# Meadow Photos



## christina11 (Jan 20, 2006)

Here are some new photos of my lil baby Meadow .. well BIG baby Meadow lol.

The first photo is Meadow and Tedd, Tedd is a bunny from another forum & me and his mommy met each other at the Toronto Royal Winter Fair and had some fun, both bun buns had a great time. 

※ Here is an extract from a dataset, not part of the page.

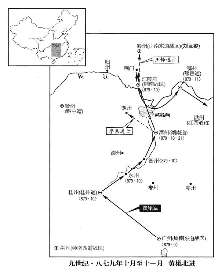 18、黄巢在岭南(南岭以南),士卒受瘴气瘟疫传染,死亡十分之三四,高阶层干部劝他回北方图谋大事,黄巢接受。遂自桂州编制大木筏数十条,乘着山洪暴发,水势湍急,顺湘江而下,经过衡州(湖南省衡阳市)、永州(湖南省永州市),十月二十一日,抵达潭州(湖南道首府·湖南省长沙市)城下。唐政府副总指战官(行营副都统)李系登城固守,不敢出战,黄巢急行攻击,只一天,便把城攻破,李系逃往朗州(湖南省常德市)。黄巢下令屠杀政府军所有士卒,尸首塞满湘江,顺流而下。变民军将领尚让乘胜逆长江而上,进逼江陵(荆南战区总部·湖北省江陵县),号称大军五十万。当时,各战区道特遣兵团还没有集结完成,江陵守军不满一万人。总指战官(都统)王铎心胆俱裂,命他的部将刘汉宏留下来保护江陵,而自己率部众逃奔襄阳,声称跟山南东道战区司令官刘巨容会师。再料不到,王铎离开之后,刘汉宏立刻发动兵变,在江陵大肆剽掠,纵火焚烧,全城几乎平为废墟,人民逃窜山谷。不巧又遇上大雪,满山遍野都是被杀死、或被冻死饿死的僵尸。十余天后,冤句变民军才到。刘汉宏,是兖州人,于烧杀抢劫之后,率领部众北返,正式成为盗匪。

Tedd was a double Lion head bunny and my Meadow is a Mini-rex.


----------



## Lovebirds (Sep 6, 2002)

He's sweet too, but I like Shiney the best........


----------



## Cricket (Sep 1, 2005)

They all look so content. Your bunny looks especially soft. I have a little black dwarf bunny named Psycho Bunny. She is visiting with my neice for a spell. She's three and became instantly attatched to my lil bun bun. The feeling was mutual, so off my bunny went to stay at my sisters house for a few weeks. I miss her little nose. Your pets are all so lucky you love them so... and take so many photos! Keep em coming!


----------



## TAWhatley (Mar 6, 2001)

Great pictures, Christina! Meadow is very beautiful and a most precious bunny.

Terry


----------



## Rooster2312 (Mar 8, 2006)

Meadow is a gorgeous bunny Christina. He looks so soft to touch. Great photos as always. I particularly love the second picture of your pigeon lying next to Meadow, just adorable!!

Lindi


----------



## Maggie-NC (Jun 22, 2005)

Christina, great pictures. I'm so happy you kept Meadow.


----------



## Skyeking (Jan 17, 2003)

Meadow is one good looking, well groomed rabbit,...and let's not forget the gorgeous pigeon.


----------



## LondonPigeon (May 10, 2005)

cute bunnies

I especially liked the picture of your pigeon sitting and looking at your pet rabbit

so cute ^_^


----------